Weakened by the decline in net interest income, operating income grew by just 3% YoY from N366.38bn in FY 2019 to N375.72bn in FY 2020. Profit before tax grew by 11% YoY from N75.29bn in FY 2019 to N83.70bn in FY 2020, supported by an improvement in the Group’s cost-to-income ratio from 79% in FY 2019 to 78% in FY 2020. Profit after tax rose by 14% YoY from N66.04bn in FY 2019 to N75.59bn in FY 2020.

The Homecoming Of The Elephant

The Group recorded improvements across its major performance metrics in FY 2020. We note that the Group faced a tumultuous period in the past few years, resulting from the 2016 economic recession. For instance, the Group’s asset quality materially improved, as the nonperforming loan (NPL) ratio lowered from 24.40% as of FY 2016 to 7.70% as of FY 2020.

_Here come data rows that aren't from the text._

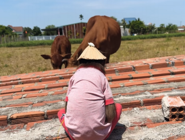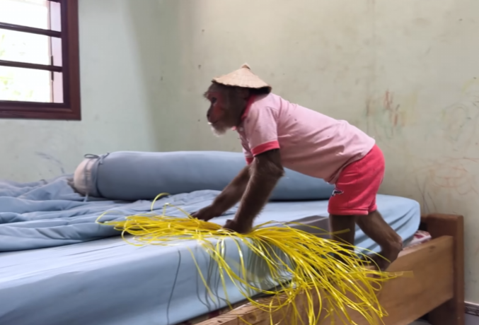 Back at the farm, CUTIS didn’t cage the baby monkey. Instead, he built something extraordinary: a small “forest corner” beside his house. Using bamboo, rope, and old cloth, he created climbing poles, soft nests, and shaded resting spots—just like the monkey’s natural home.
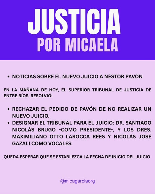 En septiembre de 2025 se resolvió que Pavón fuera sometido a un nuevo juicio. En esa oportunidad, la Sala Penal del STJ confirmó una resolución de la Cámara de Casación Penal y anuló el fallo del Tribunal de Juicios y Apelaciones de Gualeguay en lo referido a la intervención de Pavón en la causa que investigó el femicidio de Micaela García, ocurrido el 1° de abril de 2017 en Gualeguay.
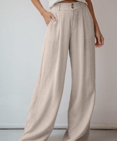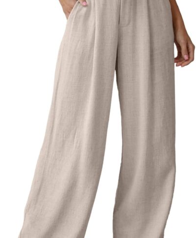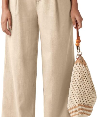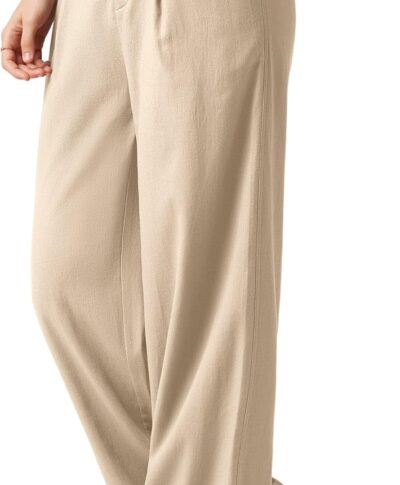 Women Linen Pants Wide Leg Work Dress Pants Casual Slacks Business Pants with Pockets 29″ 31″

The Group also made a considerable progress in its efforts to maintain an adequate capital position. During the financial year, the Group injected the proceeds of the sale of its insurance subsidiary to capitalise its banking subsidiary. As a result, the banking subsidiary’s capital adequacy ratio improved from 15.50% as of FY 2019 to 17.00% as of FY 2020 (regulatory threshold: 15%). The Group intends to increasingly drive capital accretion to support its business in the current operating environment.

Business Outlook

While the macroeconomic challenges are noted, notably the volatilities in the foreign exchange market and weak household consumption, we expect to see a rebound in the Group’s interest income due to the rising yields in the fixed income market.

The higher interest-rate environment also effectively implies a higher interest expense; however, we believe that the low-cost funding profile of the Group positions it to expand net interest margin in the near term.

We also expect the Group to deepen its digital footprints in the near to medium term, and we expect to see continued value accretion from the digital banking space. Using a blend of Discounted Dividend Model (DDM) and Residual Income Model (RIM), we estimate a N7.51 fair value for the Group.

Our fair value estimate effectively implies a 3.09x justified price-to-earnings (P/E) multiple. At the stock’s N7.65 current market price, the stock trades at a 3.15x forward P/E, thus translating to a -2% price return. We forecast a N0.51 dividend for FY 2020, which implies a 6% dividend yield. Therefore, we estimate a 4% total return for the stock. We recommend a HOLD.